X-ray diagnostics of massive star winds

TL;DR

X-ray observations have significantly advanced our understanding of massive star winds, revealing their hot phases, clumping effects, and providing insights into mass-loss rates and wind compositions across different stellar types.

Contribution

This review highlights recent progress in X-ray diagnostics of massive star winds, emphasizing multiwavelength analysis and the potential of X-ray spectroscopy for wind parameter estimation.

Findings

OB dwarfs may have predominantly hot winds

X-ray properties of OB supergiants are influenced by wind clumping

X-ray emission varies in O stars and is absent in late-stage supergiants

Abstract

Nearly all types of massive stars with radiatively driven stellar winds are X-ray sources that can be observed by the presently operating powerful X-ray telescopes. In this review I briefly address recent advances in our understanding of stellar winds obtained from X-ray observations. The winds of OB dwarfs with subtypes later than O9V may be predominantly in a hot phase, and X-ray observations offer the best window for their studies. The X-ray properties of OB supergiants are largely determined by the effects of radiative transfer in their clumped stellar winds. The recently suggested method to directly measure mass-loss rates of O stars by fitting the shapes of X-ray emission lines is considered but its validity cannot be confirmed. To obtain robust quantitative information on stellar wind parameters from X-ray spectroscopy, a multiwavelength analysis by means of stellar atmosphere models is required. Independent groups are now performing such analyses with encouraging results. Joint analyses of optical, UV, and X-ray spectra of OB supergiants yield consistent mass-loss rates. Depending on the adopted clumping parameters, the empirically derived mass-loss rates are comparable (within a factor of a few) to those predicted by standard recipes (Vink et al. 2001).
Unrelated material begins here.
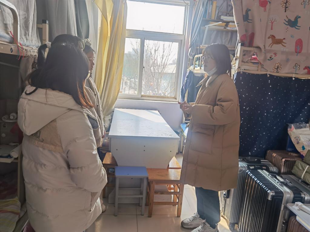 本次大检查通过宿舍自查、员工会检查、领导班子和辅导员验收的形式,以宿舍卫生内务和安全内容为重点,展开全方面、全覆盖、全员参与的拉网式排查。在本次检查中,各领导老师深入到宿舍,主要针对疫情防控、私拉乱接、使用违规电器、吸烟等内容详细排查,尽可能地把安全隐患消除在萌芽之中,以最大限度保证员工的人身安全。冯立顺书记一行与员工亲切交谈,询问员工生活学习情况,深入掌握员工思想动态。通过走访和排查发现,大部分员工宿舍总体情况良好,对于发现的安全隐患,现场进行安全教育并责令限期整改。
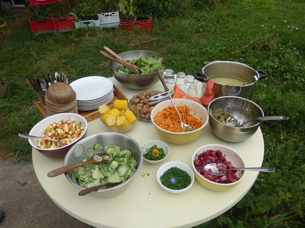 Wir verwöhnen euch mit einem bunten Buffet! Aus unserem frischen Gemüse zaubern wir verschiedene Salate und Kartoffelgratin, dazu gibt es hausgemachtes Tempeh und zum Dessert Früchtekompott mit Granola. Ein Zitronenmelisse Aufguss und selbst gemachter Apfelsaft runden das Vergnügen ab.

All sufficiently studied O stars display variable X-ray emission that might be related to corotating interaction regions in their winds. In the latest stages of stellar evolution, single red supergiants and luminous blue variable stars do not emit observable amounts of X-rays. On the other hand, nearly all types of Wolf-Rayet (WR) stars are X-ray sources. X-ray spectroscopy allows a sensitive probe of WR wind abundances and opacities.